Newer Treatment Guidelines

The “One World One Guideline” proposed by the European Confederation of Medical Mycology (ECMM) have suggested prompt surgical intervention, early in the course of confirmed disease, in addition to pharmacological approaches. Pharmacotherapeutic prophylaxis utilizing Posaconazole with either delayed-release moderate strength dose or oral suspension with marginal strength dose has been recommended in immunocompromised patients. In this category of patients, any prior history of MM necessitates a sturdy surgical approach. Anti-fungals to which the patient had been responding in the previous infection may need to be re-employed. In case fever of unknown origin is the sole source of infection, a MM focused regimen is discouraged. Suspected MM in immunocompromised patients should be confirmed as quickly as possible, but institution of anti-fungal treatment should not be delayed in any case.
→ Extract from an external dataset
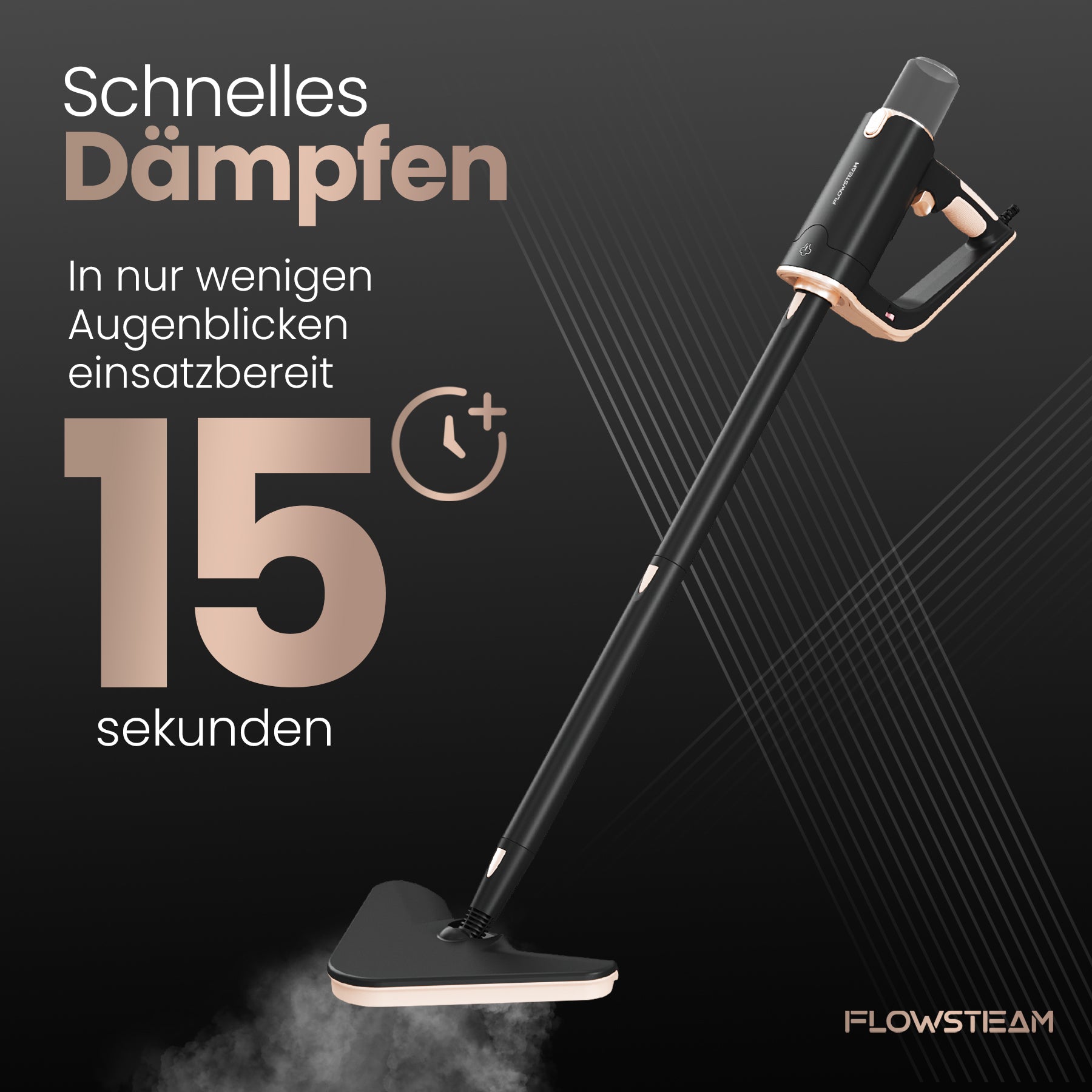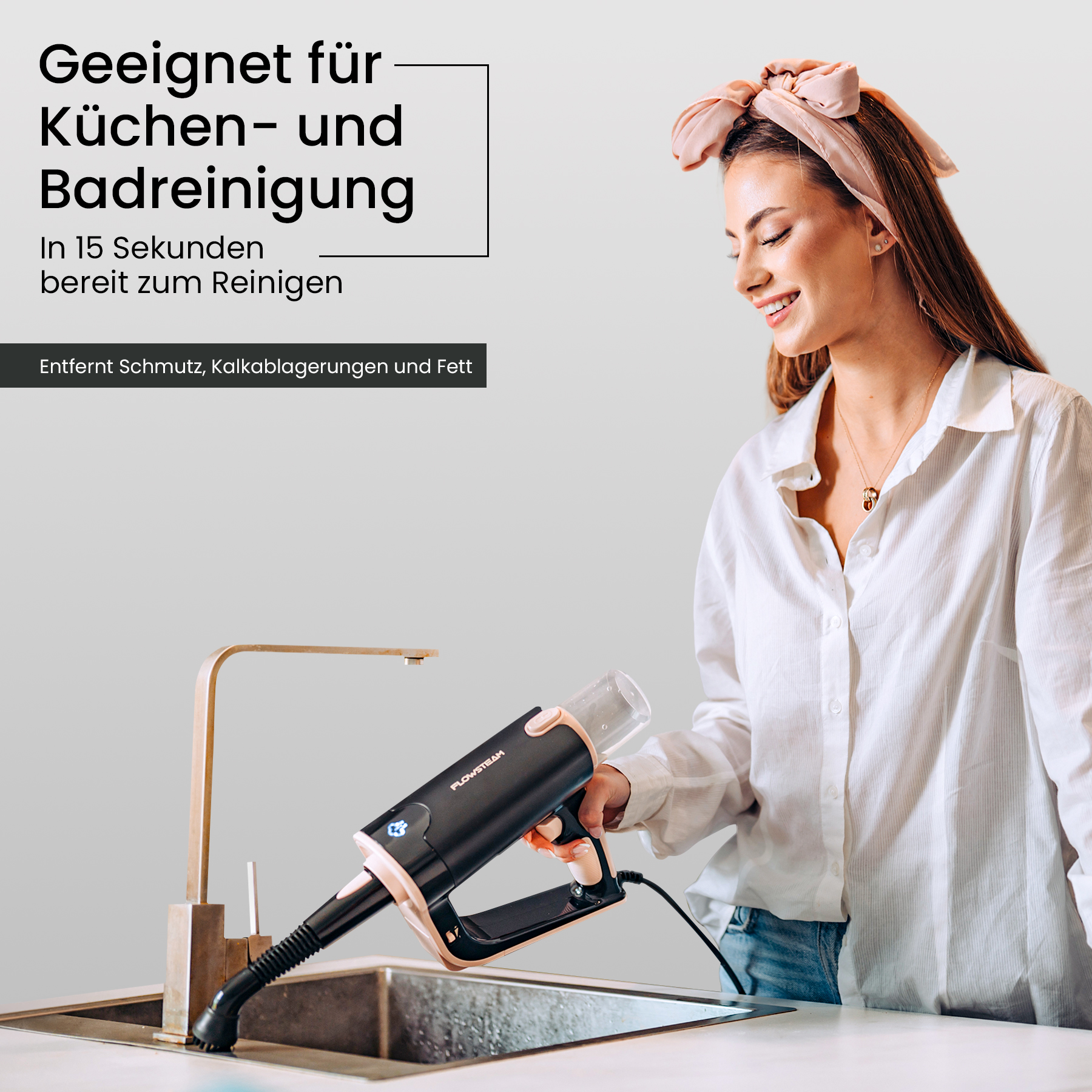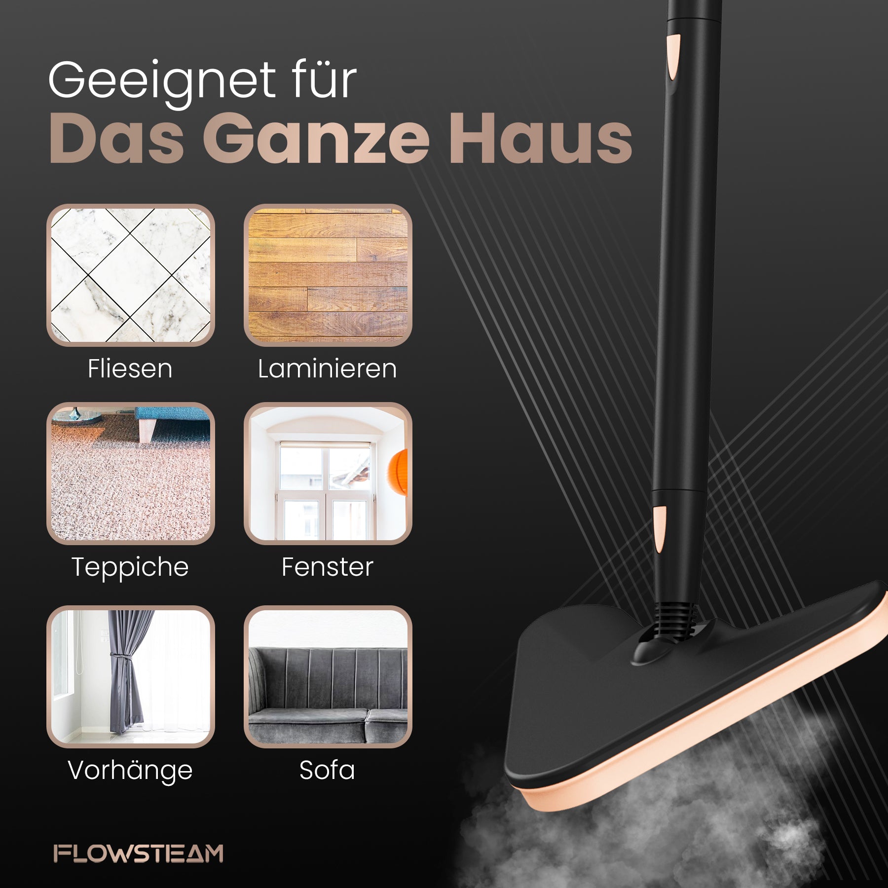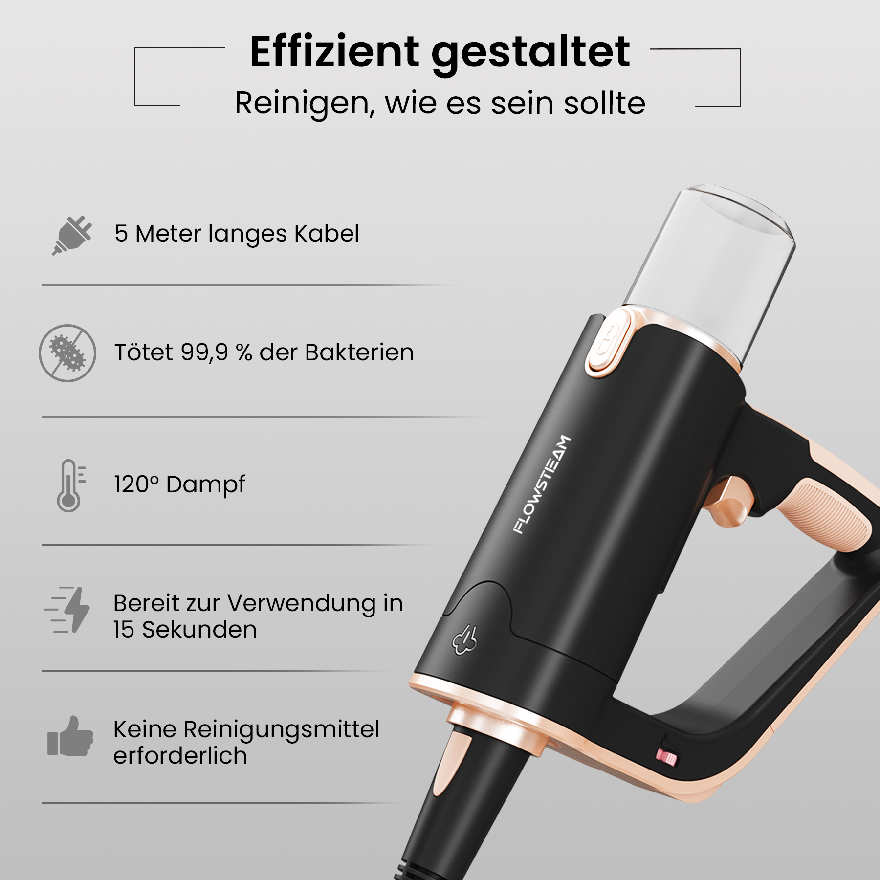 Entdecke den FLOWSTEAM-Dampfreiniger: die smarte Lösung für ein sauberes Zuhause. In nur 15 Sekunden einsatzbereit, mit Dampf bis zu 120 °C und 13 Aufsätzen für jede Oberfläche. Verwende ihn als Handdampfer oder Dampfmopp – für Böden, Möbel und Fenster. Dank des kompakten Designs, des langen Kabels und des abnehmbaren Wassertanks wird Reinigen leichter als je zuvor. Für alle, die schnell und gründlich reinigen möchten, ganz ohne Aufwand.

First line monotherapy should be initiated with LAmB at 5–10 mg/kg/day. Evidence of renal toxicity may be tackled by reducing doses below 5 mg/kg/day with marginal strength. Medications are to uniformly administer at full dose from first day of therapy itself. Patients without CNS involvement can be administered moderate strength ABLC at 5 mg/kg/day. Amphotericin B deoxycholate use is not recommended in the presence of available alternatives. Moderate strength Isavuconazole can also be used as a first-line treatment for MM. Posaconazole oral suspension received marginal support in the guidelines, while its delayed release and IV forms received moderate support for inclusion in the list of first-line drugs. Recommendations for combination therapy showed marginal support for various combinations of polyenes with azoles or echinocandins. In the case of salvage treatment, Isavuconazole and delayed release/infusions of Posaconazole were strongly supported. In case these two drugs proved ineffective, varying strengths of lipid-based Amphotericin B could be used. All measures should be continued till immunosuppression ceases. Intravenous treatment maybe instituted till stabilization is achieved, following which oral treatment with delayed release Isavuconazole or Posaconazole is strongly recommended.

Surgical Interventions

The cornerstone of MM treatment is necrotic tissue removal surgery [74]. In people with rhino-orbital MM, magnetic resonance imaging may be used in staging resectability of lesions. Surgical removal of contaminated tissue is also critical in the treatment of rhino-orbital brain disease [8689••]. However, the influence of the procedure on findings is difficult to discern because of the selection biases.

Conclusion

MM is an aggressive, yet underreported complication with an alarming incidence of mortality and serious morbidities. However, true etiology varies globally, and medical professionals, especially in developing nations have difficulties in identifying this ailment. Nonetheless, much evidence points to a rise in cases since the beginning of the COVID-19 pandemic. The widespread adoption of corticosteroids, for the treatment of viral complications, on a background of uncontrolled diabetes, is widely believed to be contributory to the resurgence in MM cases. Thus, every effort must be made to maintain euglycemia and rationalize corticosteroids administration in such patients. The diagnosis of MM is of essence as different fungal infections may have similar presentations despite different treatment protocols. Prompt treatment with anti-fungal drugs such as amphotericin B and meticulous surgical intervention is vital to safeguard from potentially fatal complications and life-changing morbidities. High-risk groups should receive anti-fungal treatment without delay, while all efforts must be made for quick diagnosis of MM. Developments in modalities such as PCR, MALDI-TOF, and WGS have the potential to drastically improve diagnostic capabilities, while rational steroid, immunomodulatory drug administration, and strict glucose monitoring have demonstrated evidence of minimizing the serious burdens posed by MM.